Die erste Faszination mit dem Schweben jedoch tritt zurück hinter eine beginnende Orientierungslosigkeit. Nur durch den Blick zurück zur großen Öffnung des Raumes ist es möglich mit der Wirklichkeit verankert zu bleiben. Nach einer Weile des Betrachtens des leuchtenden Gitters beginnt sich das Auge auf die absolute Schwärze dahinter zu richten, die ebenfalls unendlich und erdrückend die beginnende Einsamkeit in der Mitte der Plattform noch verstärkt. Dass es sich dabei nur um eine schwarze Wand handelt, nicht mehr, muss man sich immer wieder ins Gedächtnis rufen. Das Gefühl von Raum und Zeit geht nach und nach abhanden. Tippt man mit dem Finger ins Wasser und wirft so Wellen, zerfasert und verzerrt sich die Spiegelung des Gittermusters in eleganten wogenden Bewegungen, die Unendlichkeit löst sich vor den eigenen Augen auf und stellt sich wieder her, wenn das Wasser wieder ruhig wird. Eine Interaktionsmöglichkeit und ein weiterer Ausweg für die Betrachtenden nicht nur ausgeliefert zu sein in diesem endlos beschränkten Raum, sondern aktiv zu werden; aber eine trügerische. Denn durch die Interaktion wird der Raum noch immersiver, zieht noch mehr in die Faszination des Abgrunds.

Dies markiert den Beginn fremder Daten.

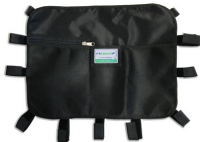
12025 Black multi usage object holder for automatic loading stretcher
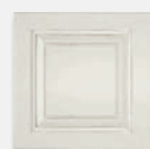
White Dove Benjamin Moore
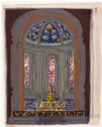
Decorative Project , 1927
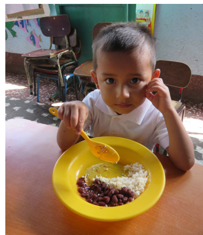
NICA Preschool Program one of our Ongoing year-to-year programs. Learn more on our website at www.rootsofchange.ca

For more information www.rootsofchange.ca
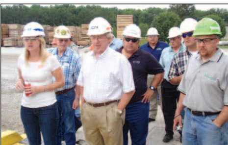
Day 2 began with a visit to the big Koppers treating plant in Guthrie, Ky.
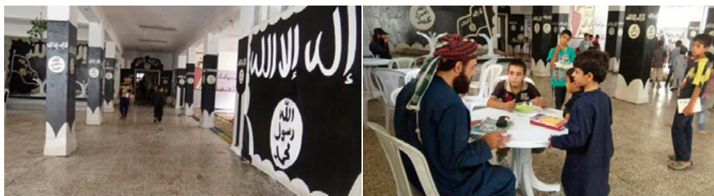
An ISIS school as portrayed in propaganda

ISIS propaganda reveals the crucial role assigned to education in the 'caliphate'. This is reflected in the establishment of the 'ministry of education' which made education mandatory for boys between the ages of 6 and 18 and girls between the ages of 6 and 15. 6 Despite this requirement, it is unlikely that all children in ISIS-held territory actually attend school. A considerable part of the local population and possibly some foreign terrorist fighters likely keep their children at home. In addition, the worsened security situation means there are fewer and fewer properly functioning schools. Some schools have been forced to close – temporarily or otherwise – on account of a lack of employees.
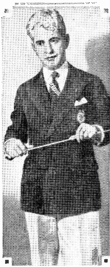
EDWIN FRANKO GOLDMAN

Edwin Franko Goldman, who has made musical history in his band concerts from the Mall in Central Park and from the campus of New York University, greeted a nationwide audience in his fifteenth summer concert series on Tuesday, June 14 in a program broadcast at 9:30 P. M. over a coast-to-coast NBC-WBZ network.
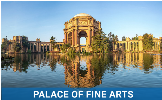
PALACE OF FINE ARTS
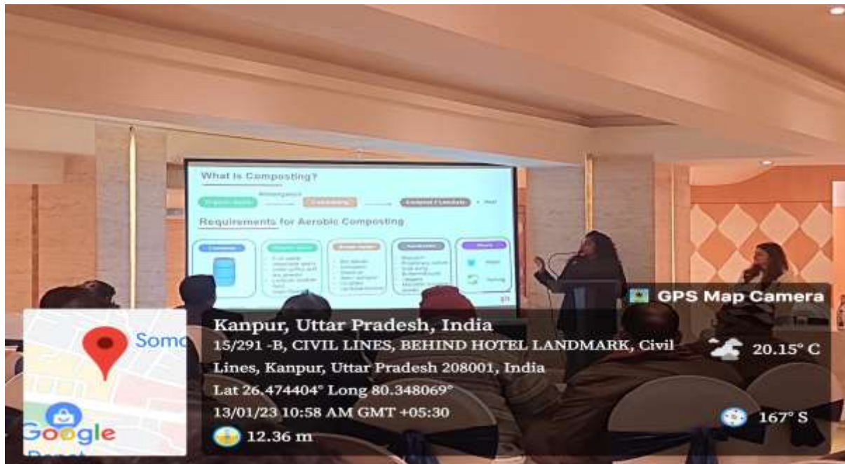
“Representative From GIZ explaining various steps involved in composting using charts and tables”
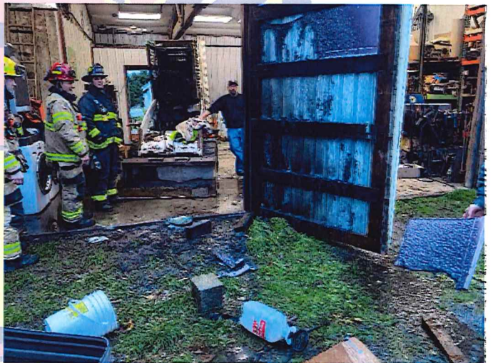
Shop fire 1322 Birch Bay Lynden Rd.
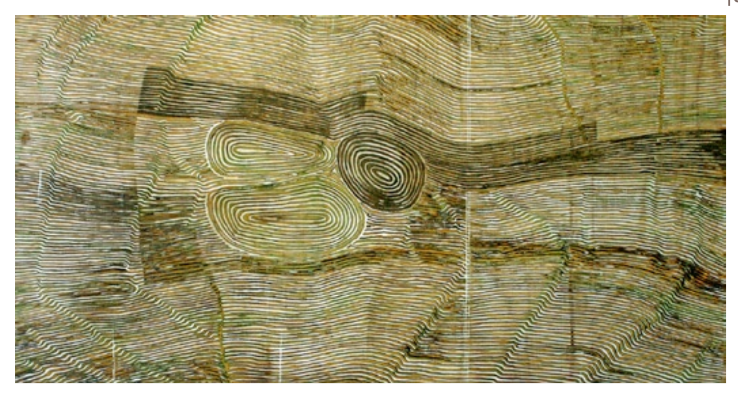
#09 Barton Swamps Mixed media on
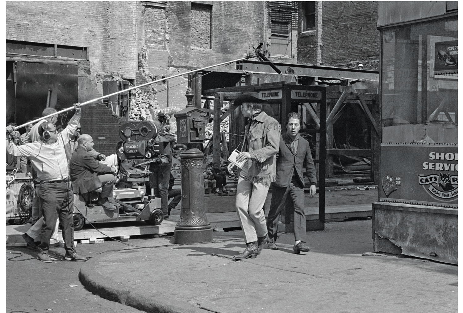
STREET LIFE: John Schlesinger (seated) directing Jon Voight and Dustin Hoffman in Midnight Cowboy (1969). Schlesinger said he actually made New York a character in the film. "It's the one city in the world that leaves me feeling that I can't believe my eyes. So it can't help being a character."
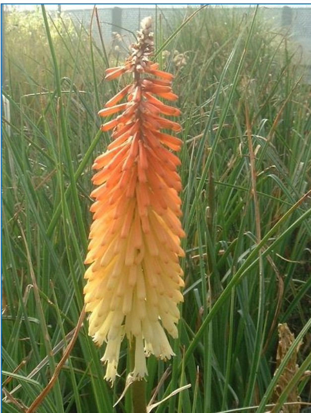
Kniphofia 'Painted Lady' Gavin McNaughton/MacPlants
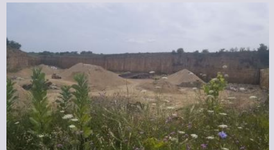
Fink's Limestone Quarry

Now Celebrating over 50 years in business!
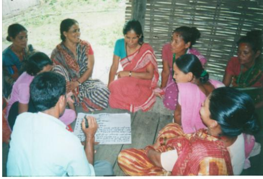
Focus group members designing their action-plan
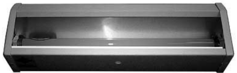
GUARDIAN® MODEL GB18

Guardian® Wall Mount Glueboard Fly Traps are ideal for areas where other insect control devices are inadequate or not allowed due to the proximity of open foods and food preparation areas.
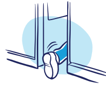
Needing to pass urine more than usual
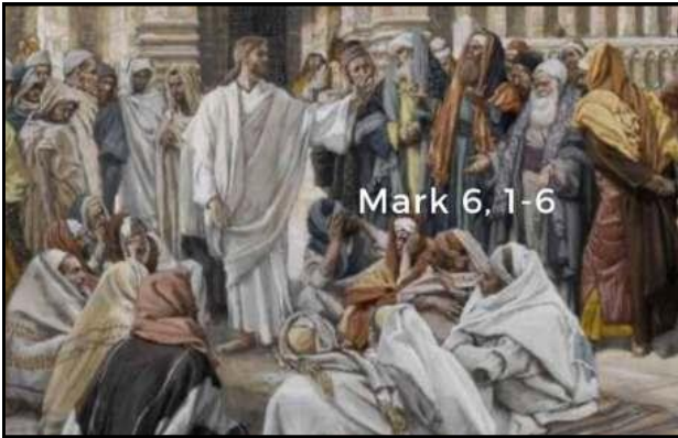
Mark 6, 1-6
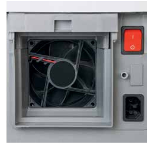
the document shredder and feeds them to the filter
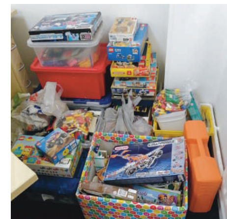
Over 100kg of construction toys were collected and sent to Romania in time for Christmas.

As the team left Bread of Life, the young people wanted to know when they were coming back again. It's our hope to return again in 2022, to encourage learning through playing with the construction toys and to continue sharing the love and fullness of life in Christ with the young people at Bread of Life.
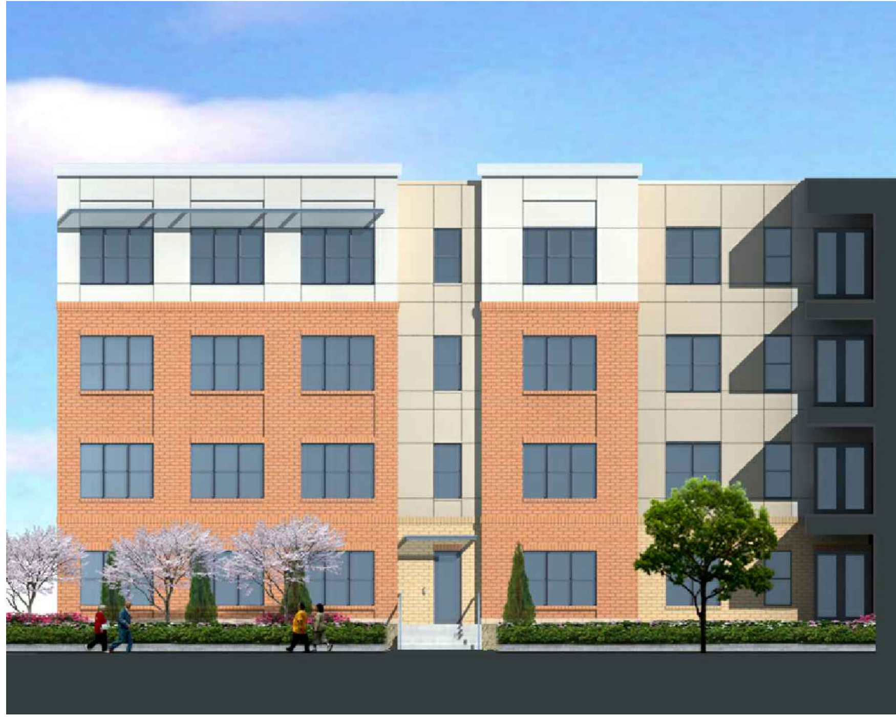
3 WEST CY ELEVATION SCALE: 3/32"=1'-0"
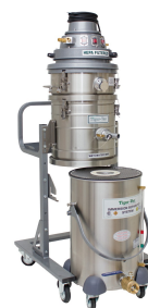
C-10EX (IT-63L) CFE SK HEPA with Recovery Tank removed
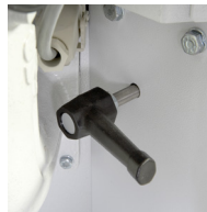
UP-AIR ADJUSTMENT LEVER
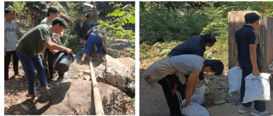
Figure 20. (Soil nutrient enhancement activities)

The implementation of an integrated agricultural system in yards / dry land is expected to improve food security. This program accommodates 3 joint programs as the central area of waste recycling management and ventricultre agriculture, all socialization activities of 3 combined waste management programs are held on rehabilitation/vacant land.
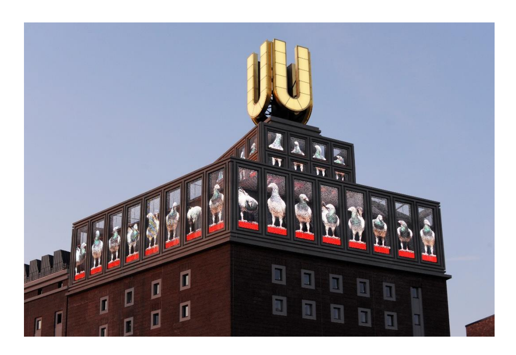
Dortmund U-Tower

For recommendations on what to do in Dortmund and surrounding cities of the Ruhr Area, you might want to have a look at <a href="https://www.ruhr-tourismus.de/en/">https://www.ruhr-tourismus.de/en/</a>
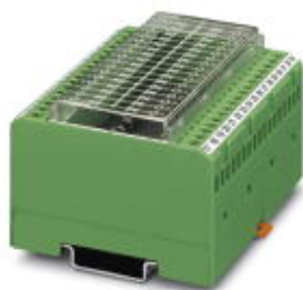
Diode module, with 32 diodes, common anode, diode type 1N 4007

Please be informed that the data shown in this PDF Document is generated from our Online Catalog. Please find the complete data in the user's documentation. Our General Terms of Use for Downloads are valid ( http://phoenixcontact.com/download )
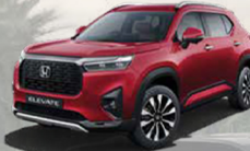
Radiant Red Metallic
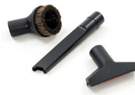
SMALL ACCESSORY KIT
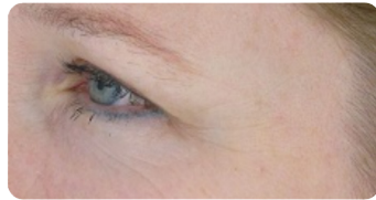
After 8 Weeks
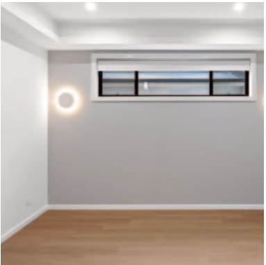
Taubmans 3 Coat Paint System
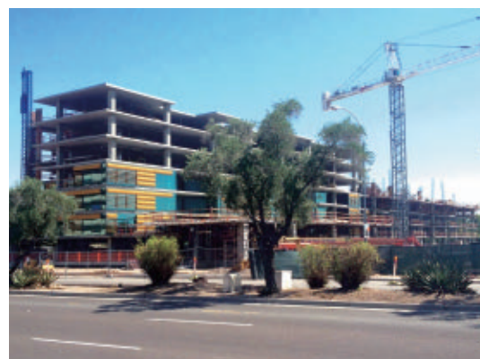
Figure 2: Optima Sonoran Village, Phase I.
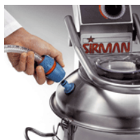
Fast connection/remove of water entry
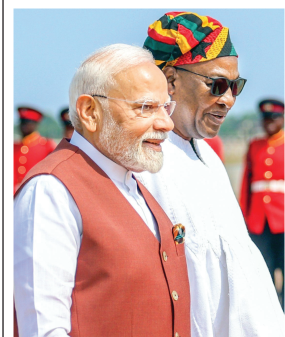
PM Modi receives a warm welcome from Ghana President John Mahama on his arrival at Ghana, for his first-ever bilateral visit.
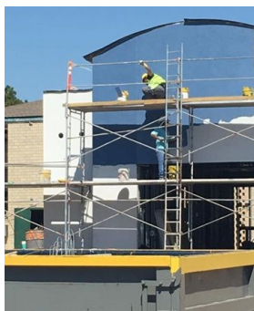
Workers paint the façade of the new Guardian Catholic School entrance

The summer is always a great time to look back on the successes of the past year as well as look forward to the exciting new opportunities in the year ahead. This past year, total enrollment at Holy Rosary and St. Pius increased by 20 percent, and the Guardian was able to provide scholarship assistance to all 420 students. I am thrilled to report that of the 24 students who graduated from our eighth grades in 2013, 96% have graduated high school this year and are enrolled in higher education.
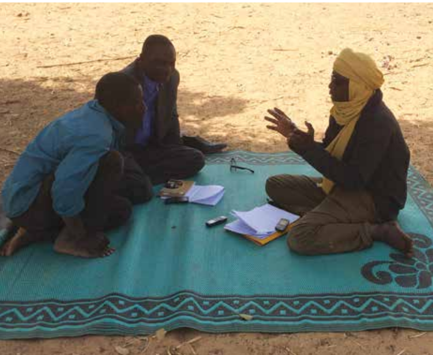
Members of the study team interview a father in Naki Karfi.
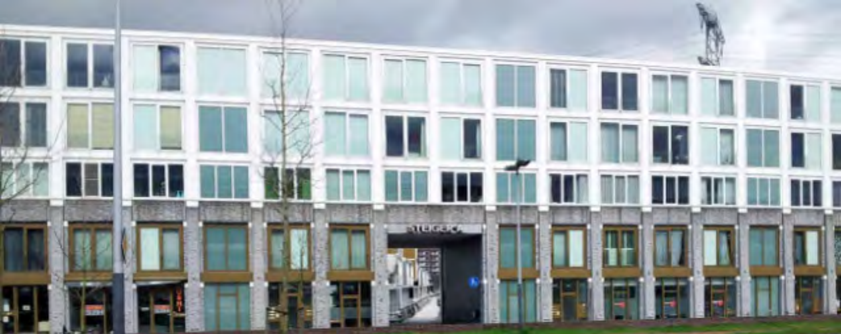
Tram 26 along Ijburglaan at Steigerland (on the way to Ijburg)
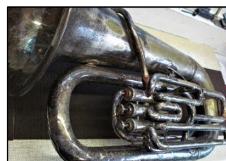
Two tubas before and after restoration. Both were with cases which made shipping much more secure.
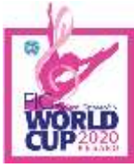
FIG RHYTHMIC GYMNASTICS WORLD CUP PESARO (ITA) 03 – 05 APRIL 2020 INDIVIDUAL AND GROUP
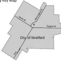
City Key Map

Purpose: The purpose of this application is to sever the property at 197 William Street into two parcels. The severed and retained parcels will both have a frontage of 6m and an area of 181.1m 2 . The westerly parcel will be added to 195 William Street and the easterly parcel will be added to 199 William Street as lot additions.
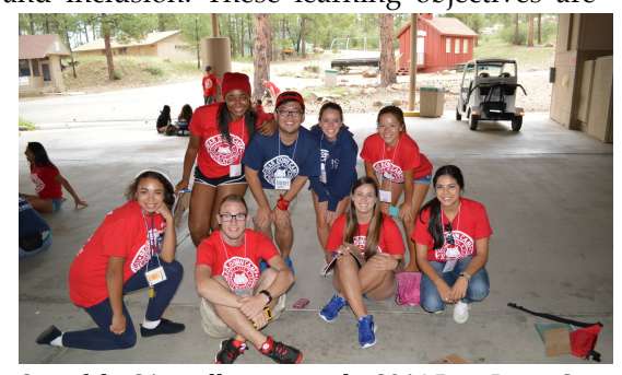
One of the 31 small groups at the 2014 Bear Down Camp

Bear Down Camp is grounded in Schlossberg's Transition Theory. The theory (1995) notes how individuals process transitions, and the four factors that control an individual's ability to cope with the transition. Two of the major factors are support, primarily social support, and strategies, potential ways that individuals may respond to
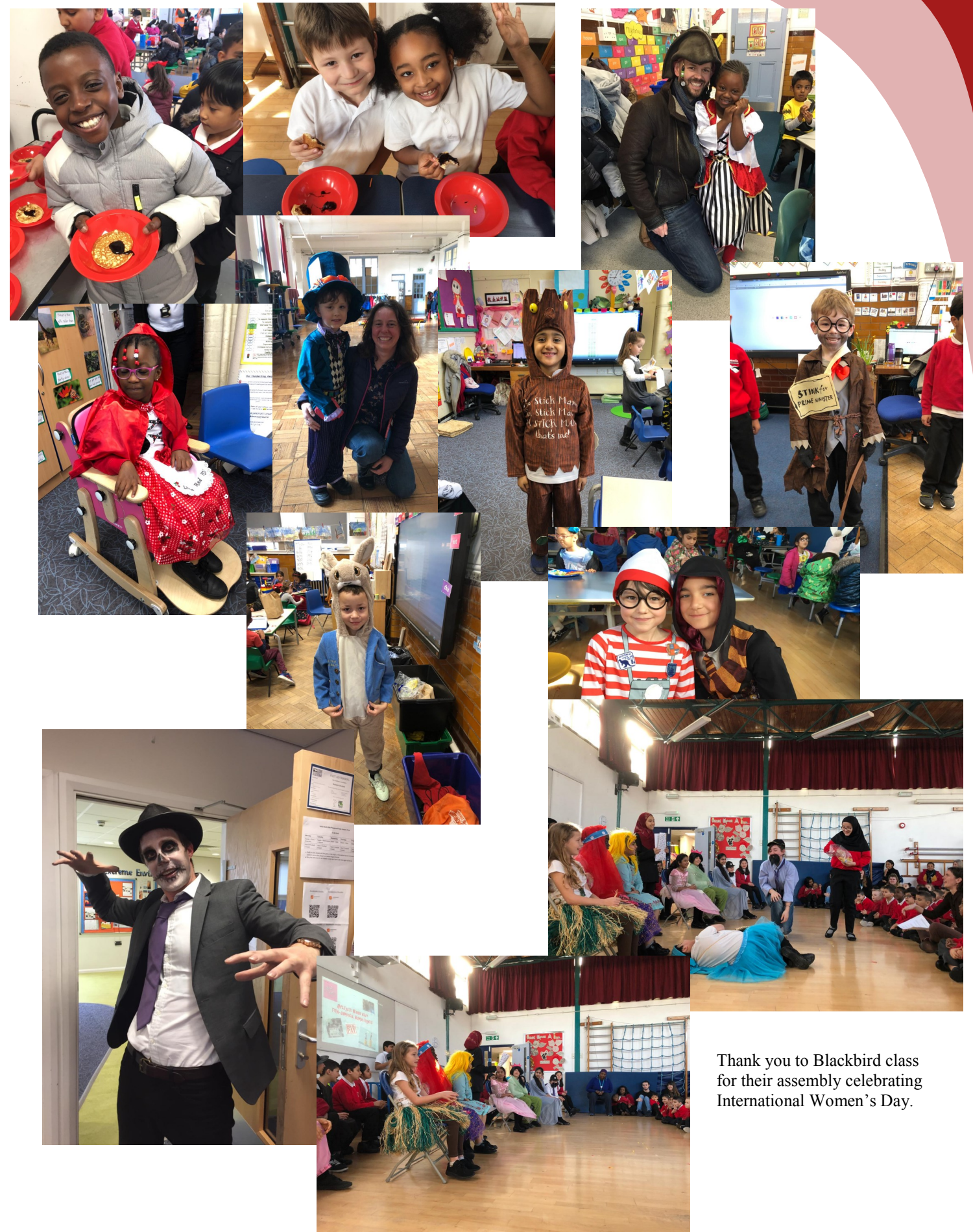
Thank you to Blackbird class for their assembly celebrating International Women's Day.
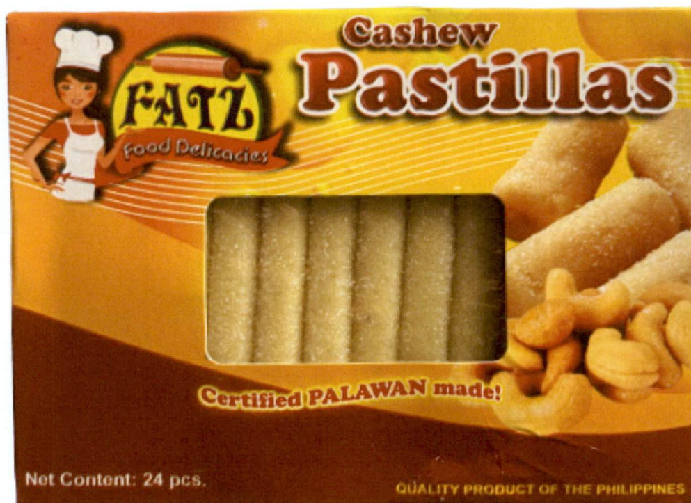
Figure 1. Unregistered FATZ FOOD DELICACIES Cashew Pastillas

The Food and Drug Administration (FDA) warns all healthcare professionals and the general public NOT TO PURCHASE AND CONSUME the unregistered food product:
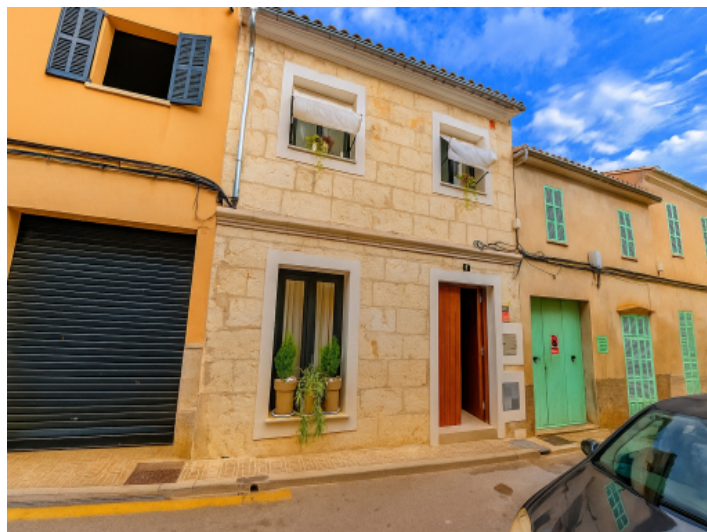
Street view of the renovated sandstone façade in Santa
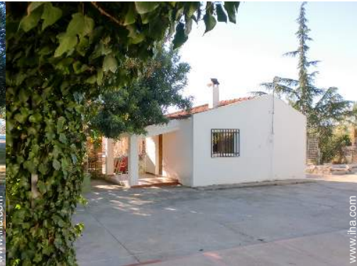
Facilities exclusive to
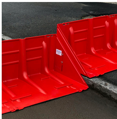
Gables to cope with kerb stones
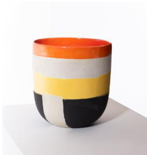
Ettore Sottsass, rare ceramics, 1959, biscuit and polychrome enamel, presented at the first exhibition of Ettore Sottsass to the Gallery Il Sestante, Milan, 1959, Estimate: 35 000 - 45 000 € / 41 000 - 53 000 $

In parallel to his first exhibition in a French museum, at the Center Pompidou in 1994, Sottsass was invited by the Manufacture of Sevres. There he created 14 pieces of extraordinary originality, pushing as per usual, the limits of traditional expertise of the august manufacture. Repertorio Sottsass will present two pieces resulting from the collaboration between Sottsass and the Sèvres factory, including a Cozek vase from 2006, made during the artist's second residency between 2005 and 2006 (estimate: 12 000 - 16 000 € / 14 000 - 19 000 $).
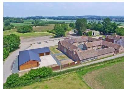
Saxon Meadow Cottage 5, The Wyke, Shifnal
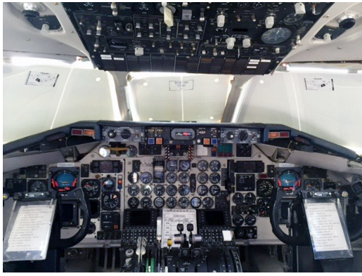
McDonnell Douglas MD80 Cockpit Heatshield Set
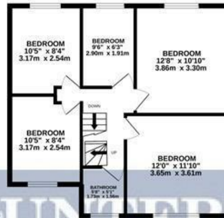
1ST FLOOR 592 sq.ft. (55.0 sq.m.) approx.
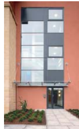
Dumbarton Road Entrance Foyer

Following hard on the heels of TORUS and undertaken also for Speyroc, the first phase of haa design's Dumbarton Road projects is now complete. Designed for a marginal office letting area, the development provides highly flexible, quality office space at an affordable rent. The project is one of the first office projects within the Clydebank Rebuilt regeneration project.
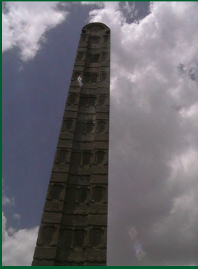
Obelisks of Axum, the oldest dating from 5000-2000 BCE
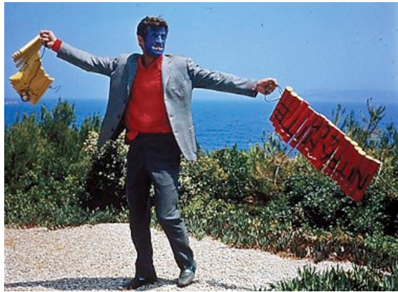
Fig. 3: PIERROT LE FOU (Jean-Luc Godard, FR/IT 1965): Pierrot, the symbol of the artist, is about to blow himself apart, annihilate the artist, and open the path to realization that life is greater than art.
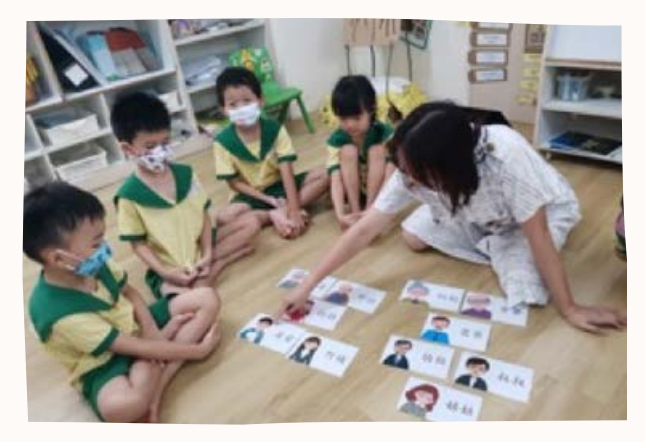
*Chinese Version available in the Appendix

Children will learn musical expression through a variety of creative means which include musical games, appreciation of classical music as well as catchy rhymes.

Man kann der Gewinnerinstallation „LIGHT HIGH“ nichts vorwerfen: Alles ist sehr wohl überlegt, viele physikalische und optische Effekte schicken sich an, ein Spektakel in unseren Gehirnen zwischen beruhigend und verstörend zu erzeugen. Die Wahrnehmung selbst wird im Erleben des immersiven Raumes verändert, manipuliert und infrage gestellt. Betrachtende werden in eine Situation versetzt, die sie vor allem an der Wirklichkeit, die ihnen ihr Sehsinn liefert, zweifeln lässt, aber auch eine Auseinandersetzung mit nichtvisueller Raum- und Zeitwahrnehmung befördert.
Wollte man dem Kunstwerk etwas vorwerfen, dann, dass es vielleicht zu Selfie-fähig ist, zu instagrammable, zu shareable und likeable, zu gut als Promotionsmaterial für die kommenden Generationen des International Light Art Awards powered by Innogy Stiftung dienen kann. Schaden tut es dem Werk aber nicht und spielt letztlich auch gar keine Rolle, denn kein Video und kein Bild der Installation können dem profunden Erlebnis gerecht werden, das der Aufenthalt in diesem virtuellen Raum erzeugt.